■ WHAT THE TASK REQUIRES: When you copy from the entries that follow, take only the lines from the one with "すさまじい食い散らかし様なの" down to the one with "things are happening", keeping both ends and dropping every picture.

■ RECORDS PROVIDED:
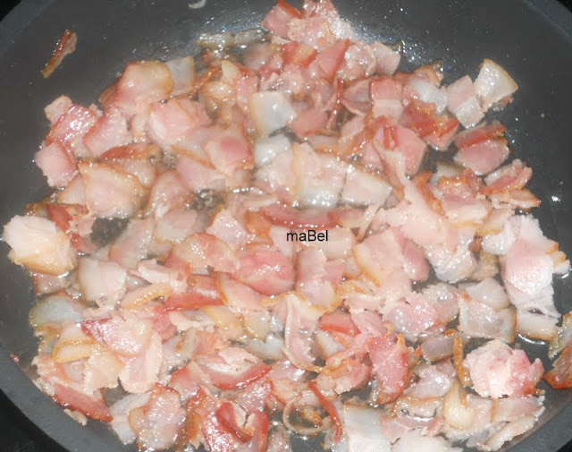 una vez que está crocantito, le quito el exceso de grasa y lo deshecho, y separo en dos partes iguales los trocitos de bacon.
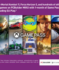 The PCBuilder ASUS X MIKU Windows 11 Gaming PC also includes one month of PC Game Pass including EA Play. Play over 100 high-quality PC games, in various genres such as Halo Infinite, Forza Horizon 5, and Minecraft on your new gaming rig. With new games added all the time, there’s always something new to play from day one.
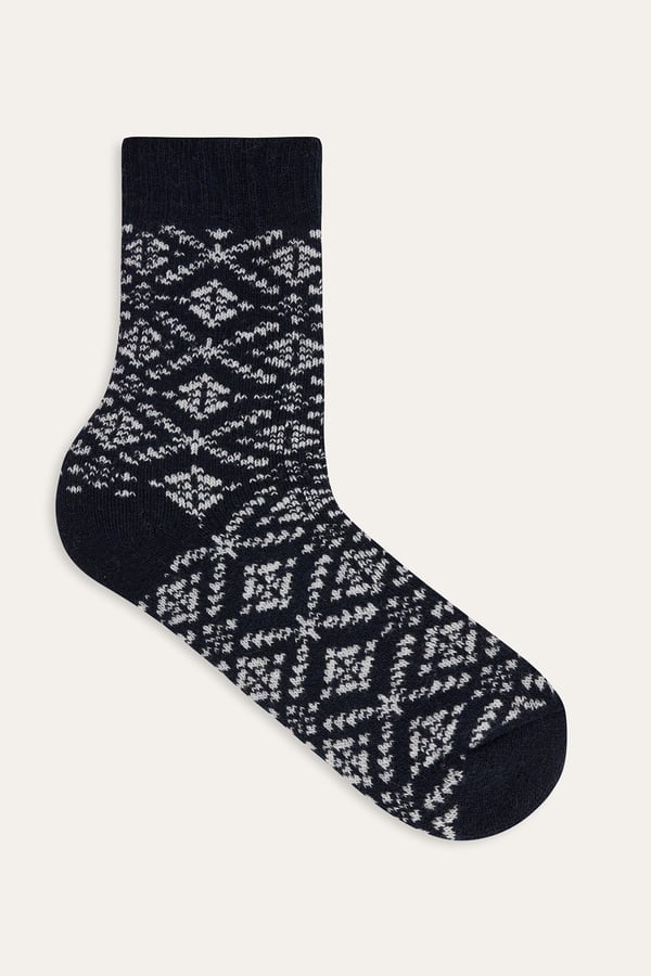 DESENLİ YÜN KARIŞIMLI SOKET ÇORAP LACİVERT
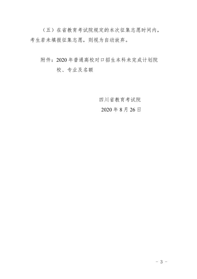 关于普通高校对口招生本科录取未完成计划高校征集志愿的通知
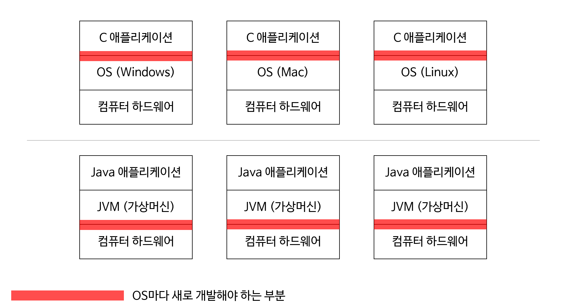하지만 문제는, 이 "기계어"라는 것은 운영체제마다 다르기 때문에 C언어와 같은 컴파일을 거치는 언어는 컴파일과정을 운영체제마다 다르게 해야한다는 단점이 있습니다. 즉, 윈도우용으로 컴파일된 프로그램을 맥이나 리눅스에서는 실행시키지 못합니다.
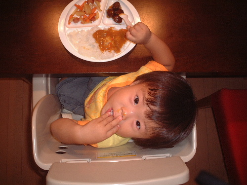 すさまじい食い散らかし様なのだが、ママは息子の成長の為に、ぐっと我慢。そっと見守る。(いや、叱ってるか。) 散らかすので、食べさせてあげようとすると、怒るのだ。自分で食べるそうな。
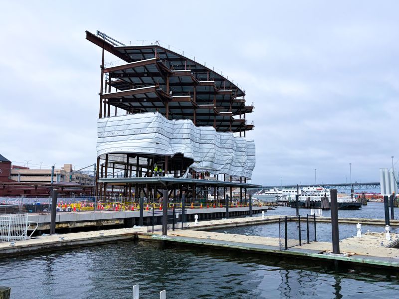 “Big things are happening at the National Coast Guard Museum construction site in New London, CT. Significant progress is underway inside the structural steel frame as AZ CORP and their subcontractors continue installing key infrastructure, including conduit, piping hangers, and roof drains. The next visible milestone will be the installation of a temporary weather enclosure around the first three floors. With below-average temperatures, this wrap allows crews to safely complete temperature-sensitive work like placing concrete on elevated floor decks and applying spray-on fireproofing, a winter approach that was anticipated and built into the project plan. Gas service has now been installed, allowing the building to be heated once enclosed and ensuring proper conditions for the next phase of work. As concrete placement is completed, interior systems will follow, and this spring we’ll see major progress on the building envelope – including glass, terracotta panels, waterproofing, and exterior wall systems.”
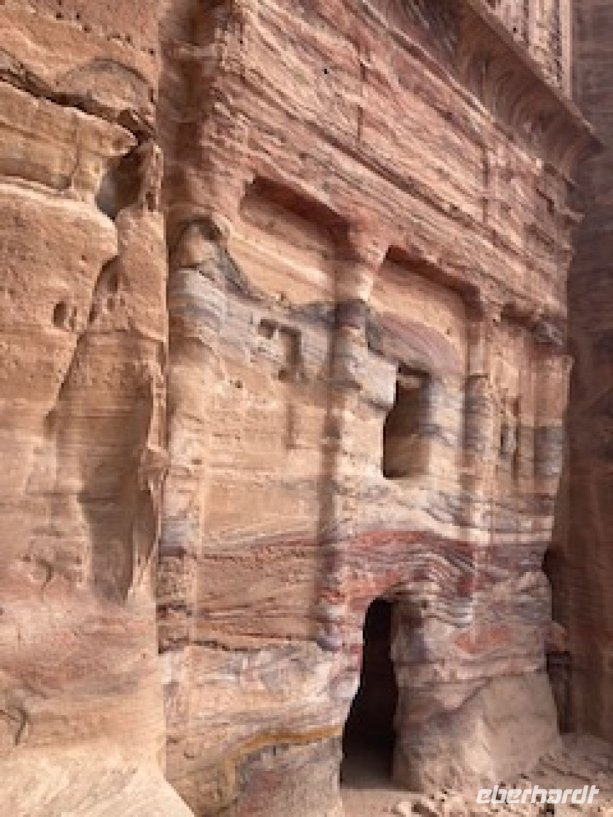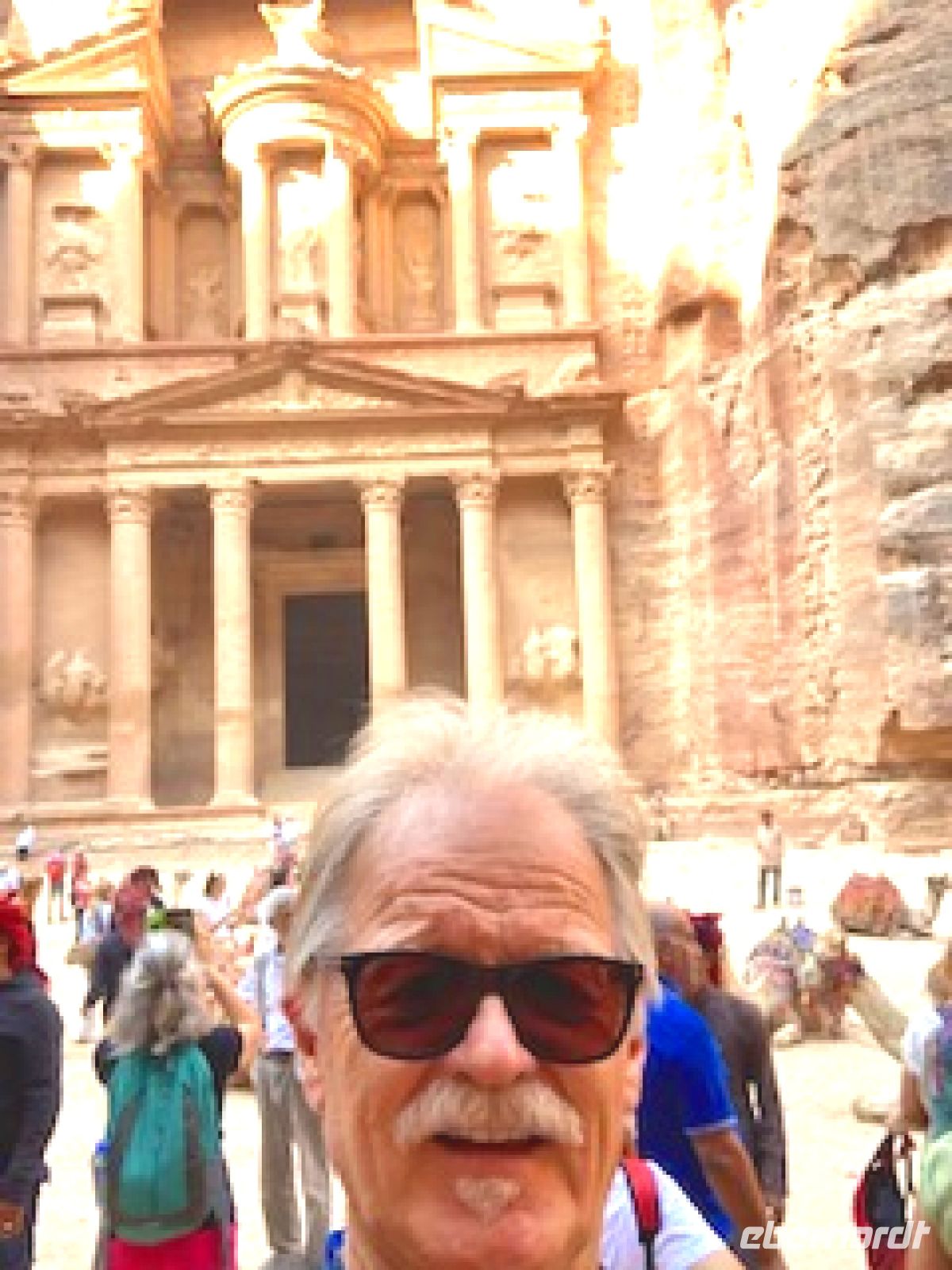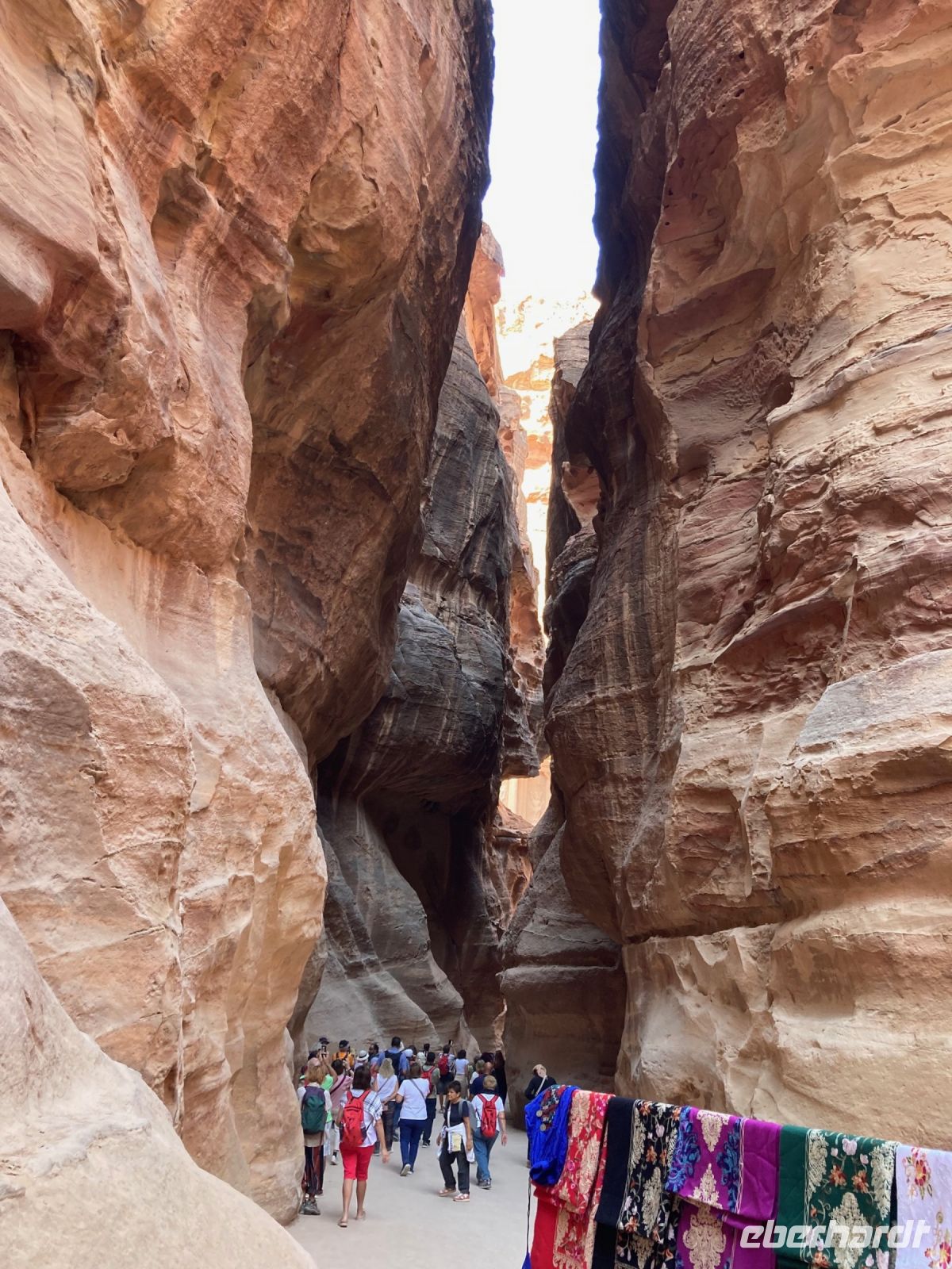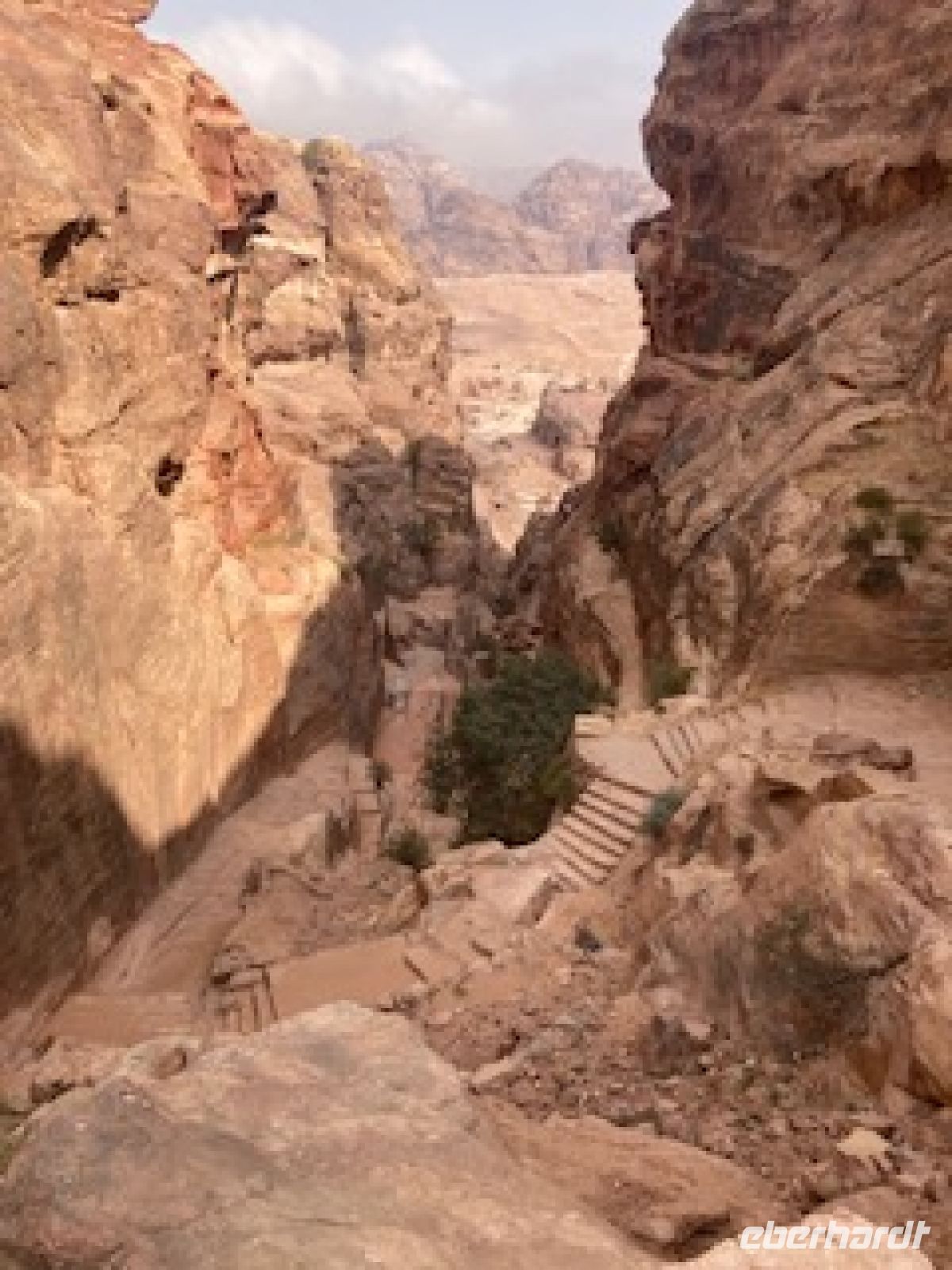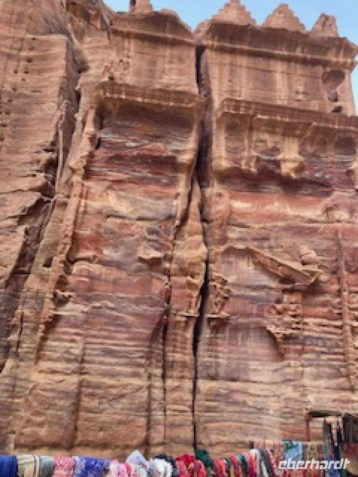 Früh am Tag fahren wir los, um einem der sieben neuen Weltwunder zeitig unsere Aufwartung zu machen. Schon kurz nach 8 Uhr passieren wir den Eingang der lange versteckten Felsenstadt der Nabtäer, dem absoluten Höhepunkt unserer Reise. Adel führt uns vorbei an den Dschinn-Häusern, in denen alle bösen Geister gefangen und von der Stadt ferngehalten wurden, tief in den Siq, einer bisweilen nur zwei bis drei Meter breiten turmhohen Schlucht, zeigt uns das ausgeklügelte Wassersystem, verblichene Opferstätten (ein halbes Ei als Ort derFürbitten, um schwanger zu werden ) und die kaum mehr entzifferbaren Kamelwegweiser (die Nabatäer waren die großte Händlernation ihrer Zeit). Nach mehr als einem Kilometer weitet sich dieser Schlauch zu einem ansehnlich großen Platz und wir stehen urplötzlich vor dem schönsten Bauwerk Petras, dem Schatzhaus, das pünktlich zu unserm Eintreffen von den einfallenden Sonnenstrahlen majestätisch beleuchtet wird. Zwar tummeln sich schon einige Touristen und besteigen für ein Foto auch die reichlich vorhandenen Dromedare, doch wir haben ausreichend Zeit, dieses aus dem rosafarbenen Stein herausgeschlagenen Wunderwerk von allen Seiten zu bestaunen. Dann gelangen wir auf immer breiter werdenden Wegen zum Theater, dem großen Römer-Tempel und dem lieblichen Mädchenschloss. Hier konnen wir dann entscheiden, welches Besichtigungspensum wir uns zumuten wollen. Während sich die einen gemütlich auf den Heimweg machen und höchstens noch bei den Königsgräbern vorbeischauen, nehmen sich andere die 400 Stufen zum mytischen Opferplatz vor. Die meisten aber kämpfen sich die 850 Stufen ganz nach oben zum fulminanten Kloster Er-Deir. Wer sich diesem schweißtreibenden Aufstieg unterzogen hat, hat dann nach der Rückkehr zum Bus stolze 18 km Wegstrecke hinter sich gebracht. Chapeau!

■ ANSWER TO THIS PROBLEM:
 すさまじい食い散らかし様なのだが、ママは息子の成長の為に、ぐっと我慢。そっと見守る。(いや、叱ってるか。) 散らかすので、食べさせてあげようとすると、怒るのだ。自分で食べるそうな。
 “Big things are happening at the National Coast Guard Museum construction site in New London, CT. Significant progress is underway inside the structural steel frame as AZ CORP and their subcontractors continue installing key infrastructure, including conduit, piping hangers, and roof drains. The next visible milestone will be the installation of a temporary weather enclosure around the first three floors. With below-average temperatures, this wrap allows crews to safely complete temperature-sensitive work like placing concrete on elevated floor decks and applying spray-on fireproofing, a winter approach that was anticipated and built into the project plan. Gas service has now been installed, allowing the building to be heated once enclosed and ensuring proper conditions for the next phase of work. As concrete placement is completed, interior systems will follow, and this spring we’ll see major progress on the building envelope – including glass, terracotta panels, waterproofing, and exterior wall systems.”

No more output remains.